In re Interest of Reality W.
925 N.W.2d 355
Neb.2019Background
- Reality W., age 15, was alleged habitually truant between Sept. 1, 2017 and Mar. 7, 2018; school Synergy records showed 274 class-period unexcused absences (68.5 days).
- Lincoln Public Schools’ attendance procedures: Synergy attendance codes, automated stage letters at 5/10/15/20 unexcused days, automated calls, and counselor (Varley) contact attempts with parents and collaborative-plan meetings.
- Varley testified to multiple call attempts to Reality’s mother (Marketa), a January 9, 2018 collaborative plan meeting held with Reality (mother absent), mailing of the collaborative plan and a Lancaster County Attorney community resource letter on Jan. 10, 2018, and continued truancy thereafter.
- Juvenile court adjudicated Reality habitually truant under Neb. Rev. Stat. § 43-247(3)(b), finding the school documented required efforts under § 79-209 and the county attorney made reasonable referral efforts under § 43-276(2).

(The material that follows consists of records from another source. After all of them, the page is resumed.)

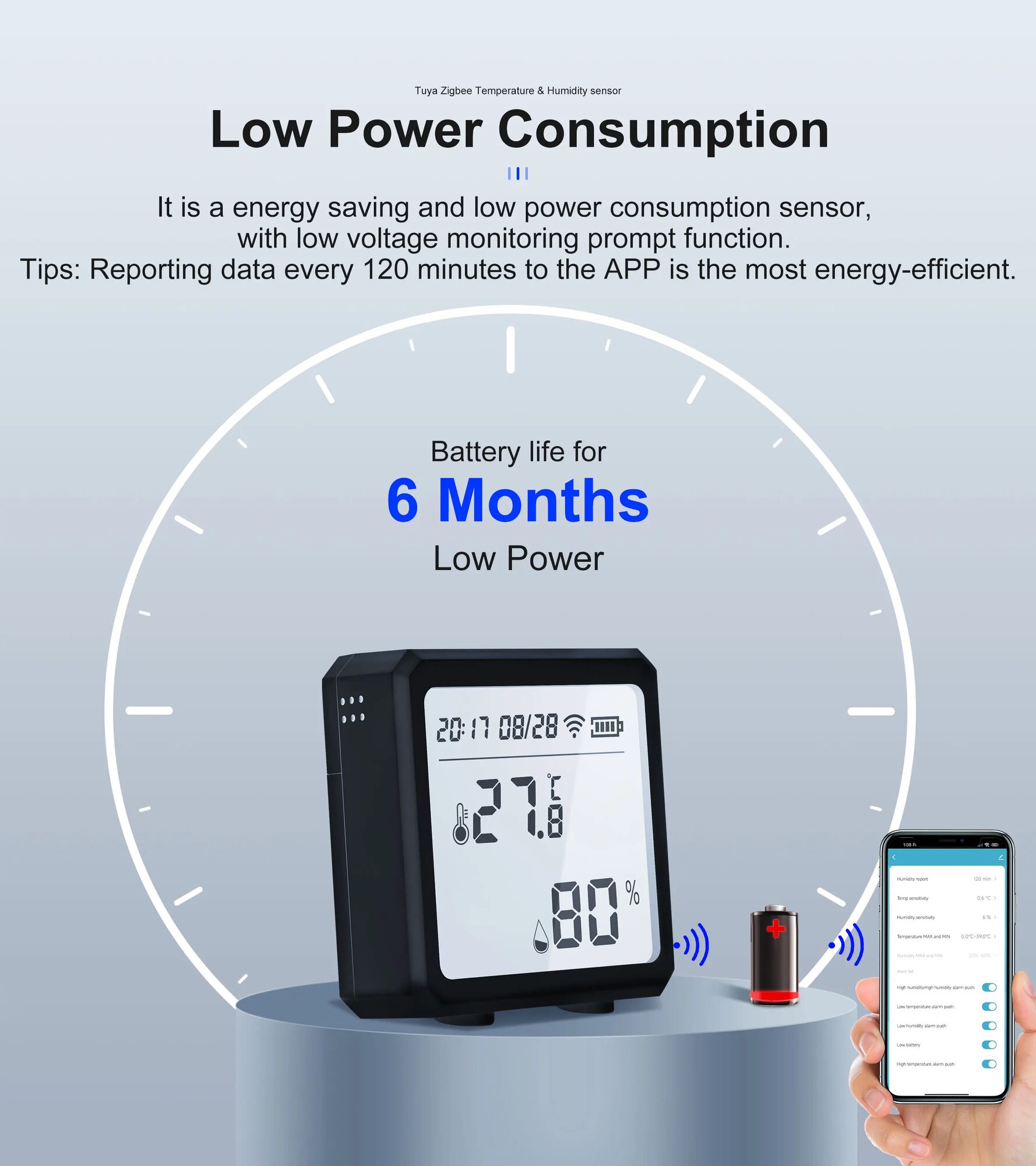Умный термометр GIRIER Tuya ZigBee, White Color интересное:
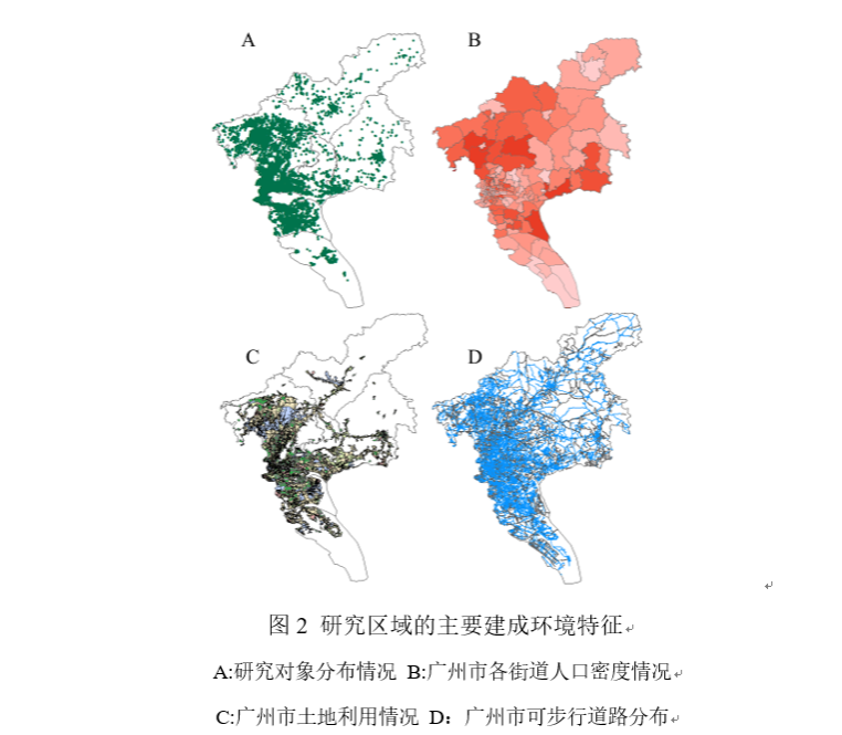 研究团队利用COHERENCE项目(陈亚军教授课题组在广州地区的一项大规模前瞻性队列研究)2016/17至2019/20学年的队列数据,基于5Ds框架(Density, Diversity, Design, Destination accessibility, Distance to transit)获取的居住地周边建成环境数据,分析了96,402名儿童青少年的体质健康和人口统计信息。该研究采用了多层次的统计模型,考虑了学生、学校和行政区的层次结构,以准确评估建成环境对体质健康的影响。此外,研究还采用了限制性立方样条(RCS)曲线来揭示建成环境与体质健康之间的非线性关系,并进行了阈值分析以确定不同建成环境特征对体质健康影响的临界点。
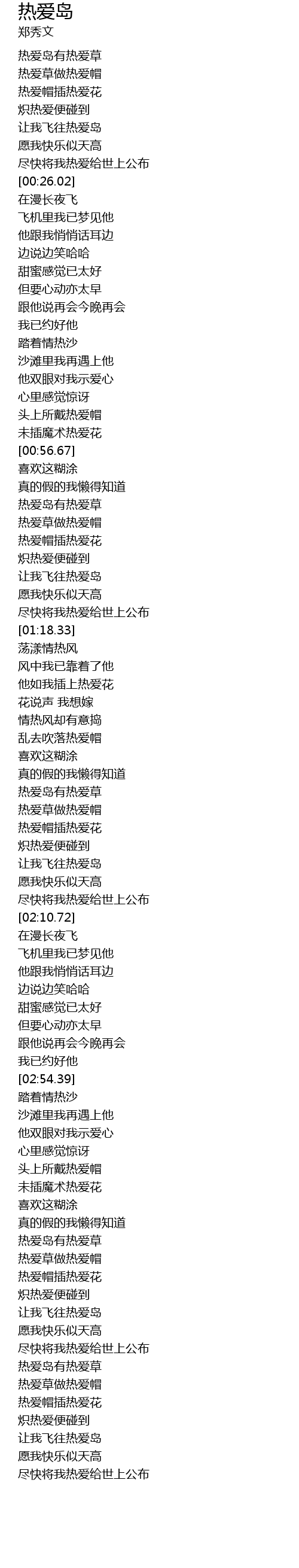 | [00:17.51] | 让我飞往热爱岛 |
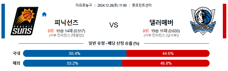 피닉스 대 댈러스 NBA 12월28일 맞대결 생중계, 스포츠중계, 스포츠분석
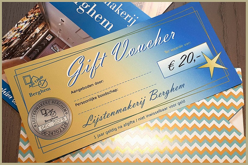 Een voucher kopen? Laat dit even weten en wij maken uw voucher voor u op maat, waarna u deze kunt ophalen in onze lijstenmakerij.
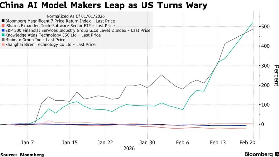 새로운 모델을 출시하거나 기존 모델을 업그레이드한 현지 기업들이 투자자들의 집중 매수 대상이 되고 있다. 미니맥스 그룹(0100.HK)과 날리지아틀라스테크놀로지(지푸, 2513.HK)는 가장 주목받는 사례로, 두 종목의 주가는 2월 들어 두 배 넘게 급등했다. 모건스탠리를 비롯한 월스트리트 투자은행들의 강력 매수 의견이 낙관론에 불을 지피고 있으며, 순수 AI 플레이 종목들이 전통적인 인터넷 대기업으로부터 투자 자금을 빨아들이고 있다.

- Reality appealed, asserting defenses under § 79-209 (school failed to hold meeting with parent) and § 43-276(2) (county attorney failed to make reasonable referral efforts).
Issues
| Issue | Plaintiff's Argument (Reality) | Defendant's Argument (State/School/County) | Held |
|---|---|---|---|
| Whether school complied with § 79-209(2)/(3) (meetings/documentation) | School failed to hold a collaborative meeting that included parent or call parent the day of the meeting; thus statutory duty unmet | School documented multiple notices, automated letters/calls, phone attempts, held meeting when parent unresponsive, mailed plan and resources; documentation satisfied § 79-209(3) | Court: No defense — documentation requirement met; parent absence does not negate compliance |
| Whether county attorney satisfied § 43-276(2) (reasonable referral efforts before filing) | County’s community resource letter alone insufficient; Reality and mother did not receive letter | County letter (dated/mistyped year notwithstanding) was prepared by county attorney, mailed Jan. 10, 2018; letter supplied resources and contact info; logs confirm mailing | Court: No defense — county made reasonable referral efforts; letter and mailing evidence suffice |
| Whether failure to document under § 79-209 is a defense to adjudication | Parent’s nonattendance should prevent referral/adjudication | Statute makes only school’s failure to document a defense; documented efforts defeat the defense | Court: Statutory plain language controls; documentation, not parental attendance, governs |
| Whether record supports juvenile adjudication as habitually truant | (not directly challenged) | Synergy records show >20 days unexcused; prior precedent treats unexcused absences as truancy | Court: Adjudication proper under § 43-247(3)(b) given documented unexcused absences |
Key Cases Cited
- In re Interest of Samantha C., 287 Neb. 644, 843 N.W.2d 665 (2014) (unexcused absences sufficient to establish habitual truancy)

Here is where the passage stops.